We headed off back to the chalet after a couple of hours so we would avoid the predicted downpour. Sadly, or perhaps happily the weather forecast was well wide of the mark and we had probably the hottest day of our week in Saltburn.
It was good to leave the idiot lantern in the corner switched off and spend some time playing cards. I was surprised how few card games I could remember how to play. Must look some up.
That night on our closing walk Monkey provided another surprise for me.
As you know he has never made a sound while we have had him in our family but as we crossed the lawn at the rear of the hotel a rabbit ran the length of it.
Monkey went up on his hind legs and let out a noise that seemed a cross between a howl of rage and a growl of frustration. Then he was back on all fours and back to his walk as if it hadn't happened.

Hotel lawn, rabbit not featured

Whether seeing the white scut shoot in front of him brought back memories of his racing days when he could never catch the hare on the course or perhaps it was just the yearning to run free again. Whatever it was the cry seemed to come from his very soul.
Maybe he realised that it was our last night there and was sad to be leaving.
Come Friday morning we packed up our stuff and after a final walk said goodbye to the chalet and headed back home to the normal routine.
PS. When we got home Monkey refused to eat again.
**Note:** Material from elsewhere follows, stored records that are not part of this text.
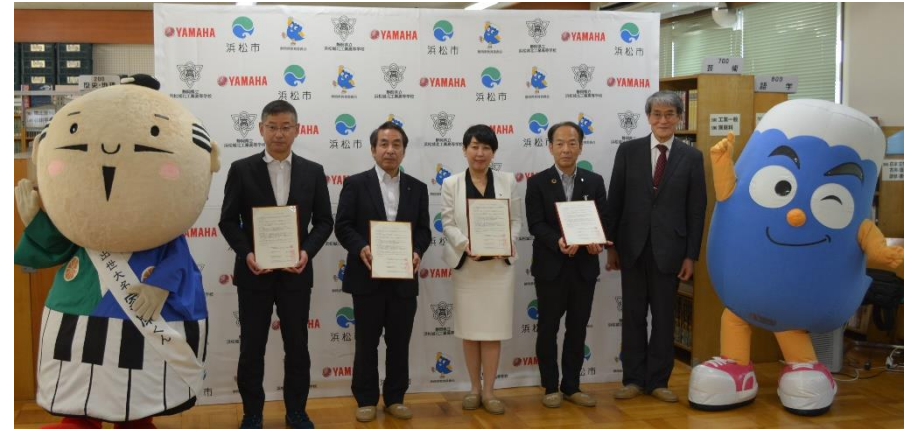
第1回マイスター・ハイスクール 運営委員会の様子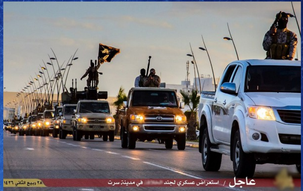
Parade militaire à Raqqa en 2014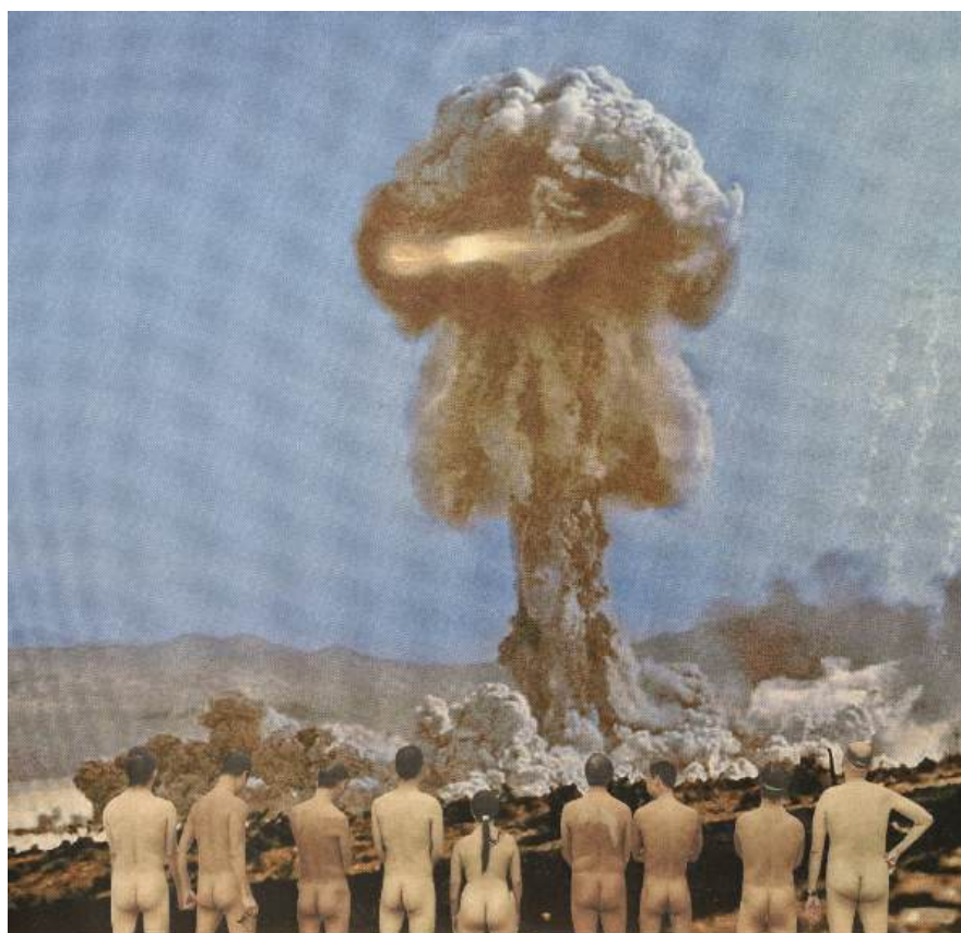
„Golasy na poważnie 3”, kolaż analogowy

Pomyślmy o terażniejszości. Pomyślmy o dzieciach Ukrainy, Palestyny i Iranu którym odebrano dzieciństwo, odebrano życie.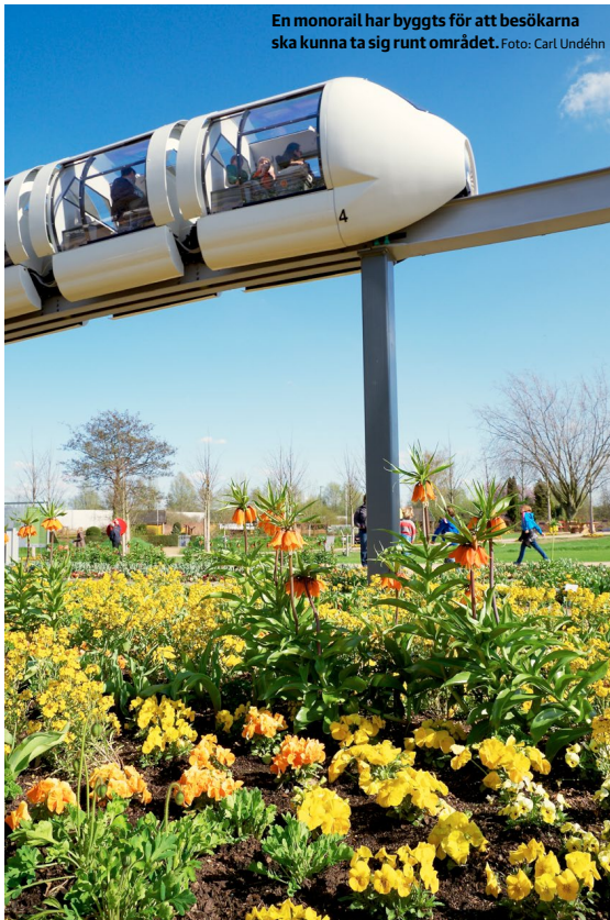
En monorail har byggts för att besökarna ska kunna ta sig runt området.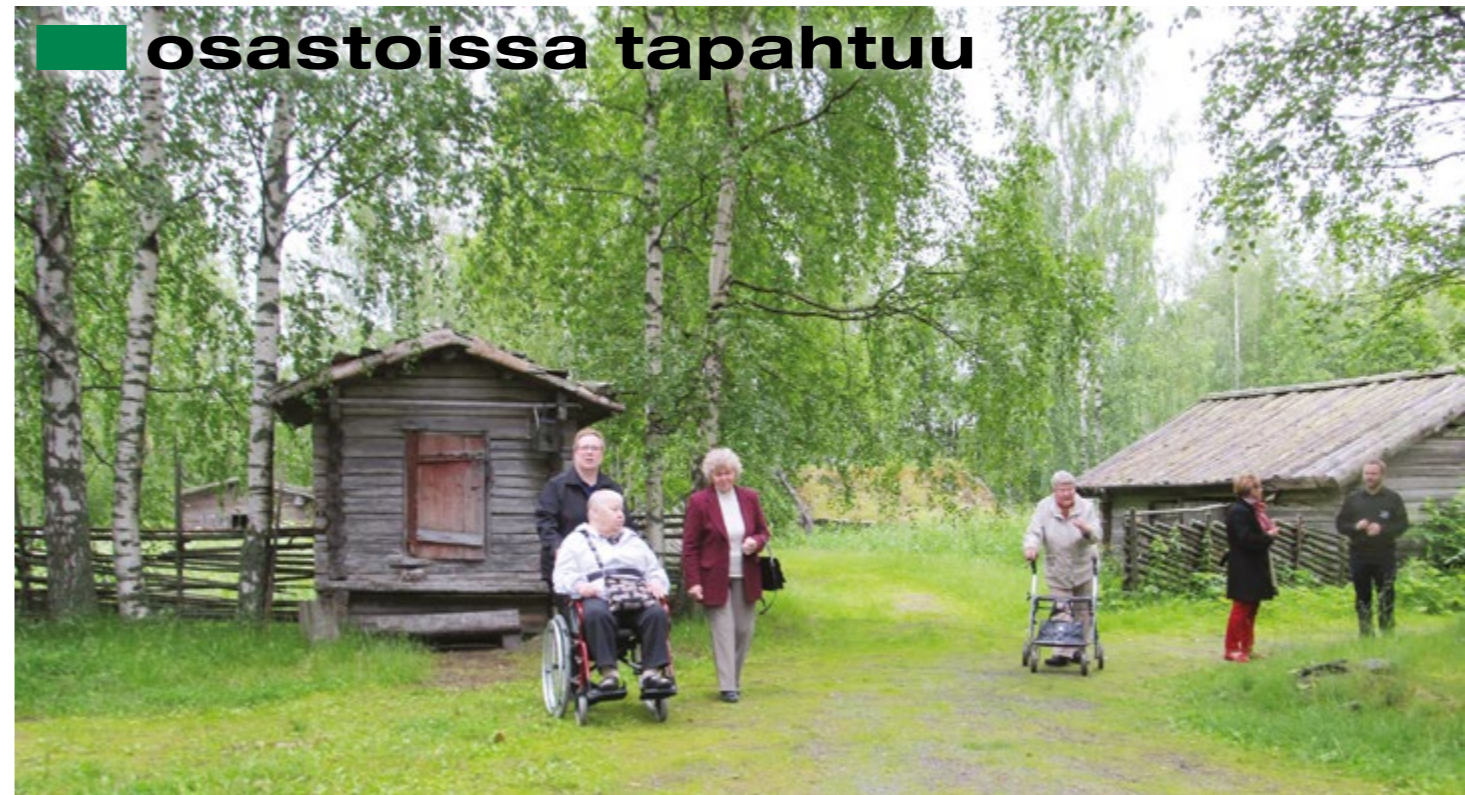
Iltapäivä Hevossalmessa oli kesäinen.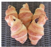
チョコワッサン (5個入)300円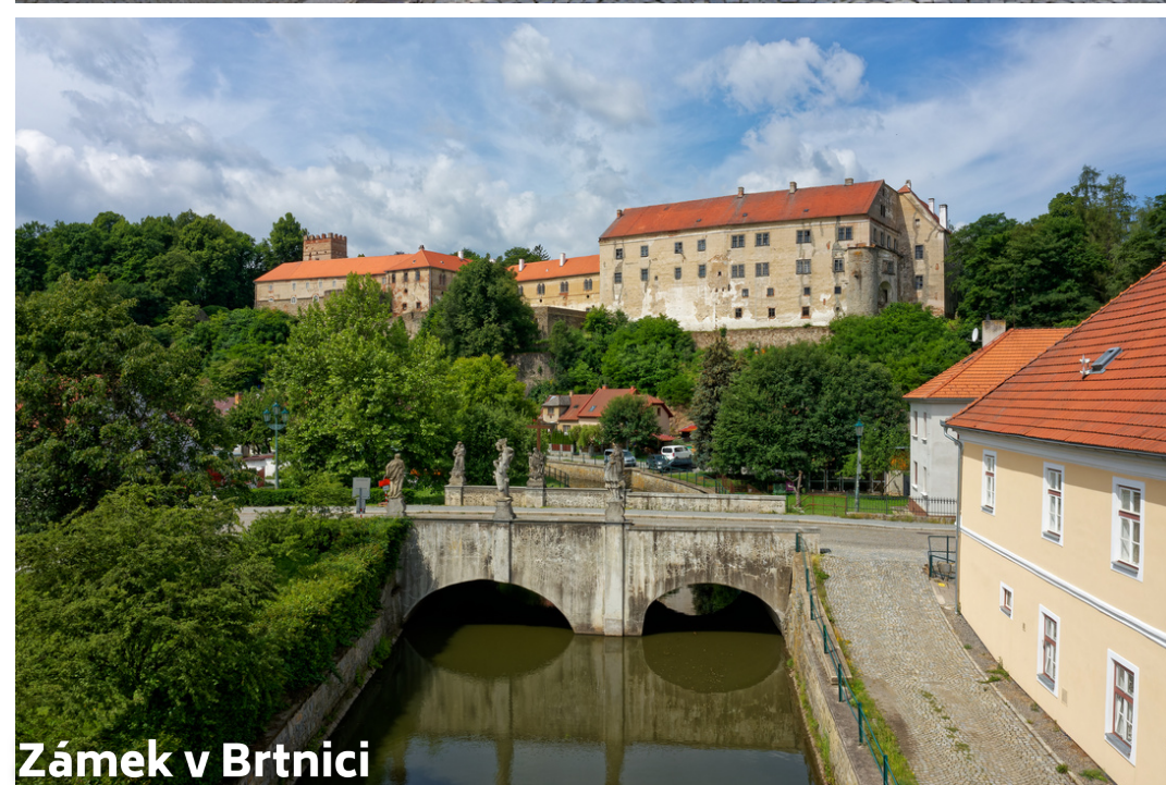
Zámek v Brtnici

I ended up having to feed him by hand and then hold his dish while he ate for a couple of meals.
He still hasn't really regained his appetite so a trip to the vet is looming - just to be on the safe side.

Tuesday 27 August 2013

Time to meet and greet

Monkey seemed to be a little dazed on the second morning of our holiday but after a while we set off for our next test.

Arriving in Saltburn we parked up near the sea front and began today's adventure with Monkey.
At home I had taken to walking him around 9am after the kids had gone in at school as the noise and bustle of dozens of school pupils heading off seemed to get Monkey jittery and pulling about all over the place.
Given the lovely weather Saltburn was rather busy as we headed along the front to the pier and to watch the action on the beach.
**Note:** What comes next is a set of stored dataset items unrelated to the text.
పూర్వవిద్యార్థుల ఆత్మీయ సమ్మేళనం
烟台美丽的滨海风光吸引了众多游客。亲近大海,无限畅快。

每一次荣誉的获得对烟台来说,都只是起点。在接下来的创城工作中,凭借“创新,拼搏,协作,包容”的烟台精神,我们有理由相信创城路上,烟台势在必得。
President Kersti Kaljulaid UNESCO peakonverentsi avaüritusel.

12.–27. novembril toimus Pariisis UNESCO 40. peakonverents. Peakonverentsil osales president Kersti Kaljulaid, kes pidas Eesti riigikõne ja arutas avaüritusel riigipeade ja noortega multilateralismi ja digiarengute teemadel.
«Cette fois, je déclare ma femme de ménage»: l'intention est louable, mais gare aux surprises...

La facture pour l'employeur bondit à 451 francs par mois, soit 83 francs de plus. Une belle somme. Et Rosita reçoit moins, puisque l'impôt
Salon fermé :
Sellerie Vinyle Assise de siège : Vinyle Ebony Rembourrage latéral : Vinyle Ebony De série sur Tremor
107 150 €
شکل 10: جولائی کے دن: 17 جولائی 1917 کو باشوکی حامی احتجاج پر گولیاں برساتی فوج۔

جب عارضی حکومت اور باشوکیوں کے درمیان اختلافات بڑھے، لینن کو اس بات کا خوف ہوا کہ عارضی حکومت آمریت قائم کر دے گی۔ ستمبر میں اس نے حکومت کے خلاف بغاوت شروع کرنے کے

Although it was quite early there were a few already there and the surf school was in full swing.

I have to say that I find the wind farm in the background quite striking.

While Monkey was quite nervous he was very good and although sticking close to me he appeared to be relatively calm and was not jumping at every new noise or dodging from side to side to avoid people.

Having seen the beach we turned inland along a bridleway that took us into town. It was rather comical as we made our way up the path as coming in the opposite direction were lots of people with their dogs - mainly in pairs - all at staggered intervals a few seconds apart as if they were taking part in a race.
Saltburn was busy and we had to be on our toes as the traffic was more than Monkey was used to back home and he was looking everywhere - often at the same time. He was very good though and would stand nice and still with me while members of the party checked out the various shops so they could decide where we were going to get souvenirs from.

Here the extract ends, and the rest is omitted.